SUPPLIED INFORMATION:
—————

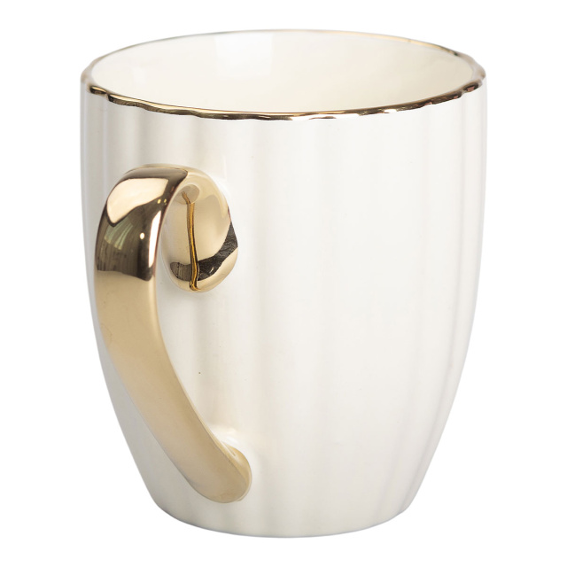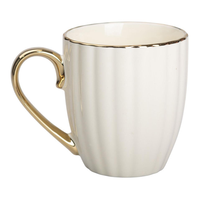 Кружка фарфоровая с золотым ободком и золотой ручкой 420 (мл) Бежевая RX-N240629BE
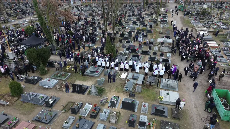 Ceremonia pogrzebowa na starym cmentarzu rozpoczęła się około godz. 12.20, po przewiezieniu trumny z kościoła. Uczestniczyło w niej kilkudziesięciu księży, a sam pogrzeb prowadził ks. abp. Stanisława Gądeckiego. Przewodniczył on także pogrzebowej mszy świętej.
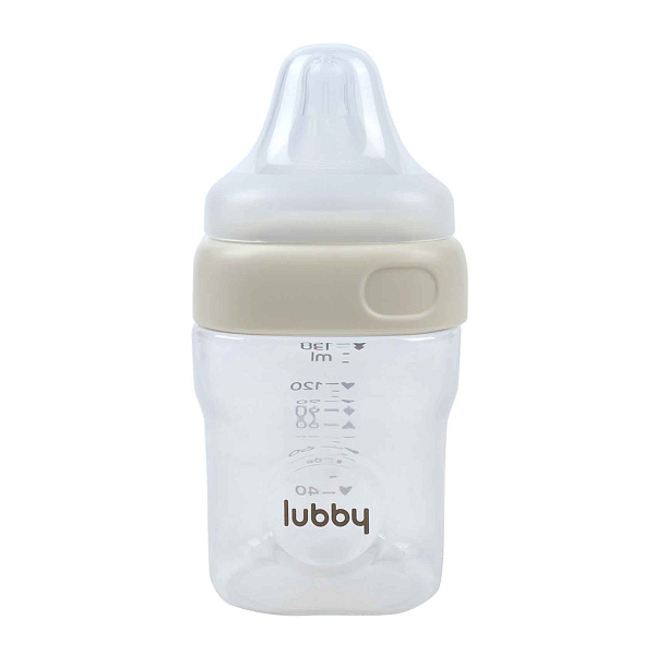 Бутылочка для кормления Lubby — это практичная и безопасная посуда для новорожденных с рождения. Имеет широкое горло, что упрощает наполнение, мытье и добавление смеси. Объем бутылочки — 150 мл, на корпусе нанесена четкая шкала с отметками от 40 до 150 мл, включая шаг в 30 мл, что помогает точно дозировать порцию.
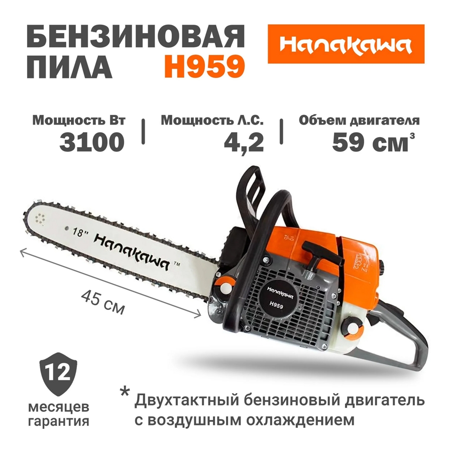 Бензопила цепная HANAKAWA H959 предназначена для спиливания ветвей, распила древесины, валки небольших деревьев, кустарников. Пила бензиновая оснащена регулируемой автоматической системой подачи масла на шину и цепь. Для полного контроля над инструментом бензопила бензиновая предусмотрена удобная дополнительная рукоятка. Для повышения безопасности в данной модели пилы имеется механический инерционный тормоз. Цепная пила бензиновая Hanakawa имеет небольшой вес, что позволяет использовать инструмент дольше без нагрузки на руки и спину. Садовый инструмент имеет продуманную конструкцию, пила для сада 959H является отличным выбором для различных целей, высокое качество по более доступной цене. Легкий и быстрый запуск двигателя делает строительный инструмент еще более удобным в использовании. Садовая пила имеет длину реза 45 см. Бензо пила это хороший подарок мужу отцу брату дедушке, мужской подарок на новый год день рождения 23 февраля. Гарантия на инструмент 1 год!

—————

WHAT TO WORK ON:
Every line of the listing above is to be repeated exactly, with its pictures left out.

SOLUTION FOR THIS EXERCISE:
 Кружка фарфоровая с золотым ободком и золотой ручкой 420 (мл) Бежевая RX-N240629BE
 Ceremonia pogrzebowa na starym cmentarzu rozpoczęła się około godz. 12.20, po przewiezieniu trumny z kościoła. Uczestniczyło w niej kilkudziesięciu księży, a sam pogrzeb prowadził ks. abp. Stanisława Gądeckiego. Przewodniczył on także pogrzebowej mszy świętej.
 Бутылочка для кормления Lubby — это практичная и безопасная посуда для новорожденных с рождения. Имеет широкое горло, что упрощает наполнение, мытье и добавление смеси. Объем бутылочки — 150 мл, на корпусе нанесена четкая шкала с отметками от 40 до 150 мл, включая шаг в 30 мл, что помогает точно дозировать порцию.
 Бензопила цепная HANAKAWA H959 предназначена для спиливания ветвей, распила древесины, валки небольших деревьев, кустарников. Пила бензиновая оснащена регулируемой автоматической системой подачи масла на шину и цепь. Для полного контроля над инструментом бензопила бензиновая предусмотрена удобная дополнительная рукоятка. Для повышения безопасности в данной модели пилы имеется механический инерционный тормоз. Цепная пила бензиновая Hanakawa имеет небольшой вес, что позволяет использовать инструмент дольше без нагрузки на руки и спину. Садовый инструмент имеет продуманную конструкцию, пила для сада 959H является отличным выбором для различных целей, высокое качество по более доступной цене. Легкий и быстрый запуск двигателя делает строительный инструмент еще более удобным в использовании. Садовая пила имеет длину реза 45 см. Бензо пила это хороший подарок мужу отцу брату дедушке, мужской подарок на новый год день рождения 23 февраля. Гарантия на инструмент 1 год!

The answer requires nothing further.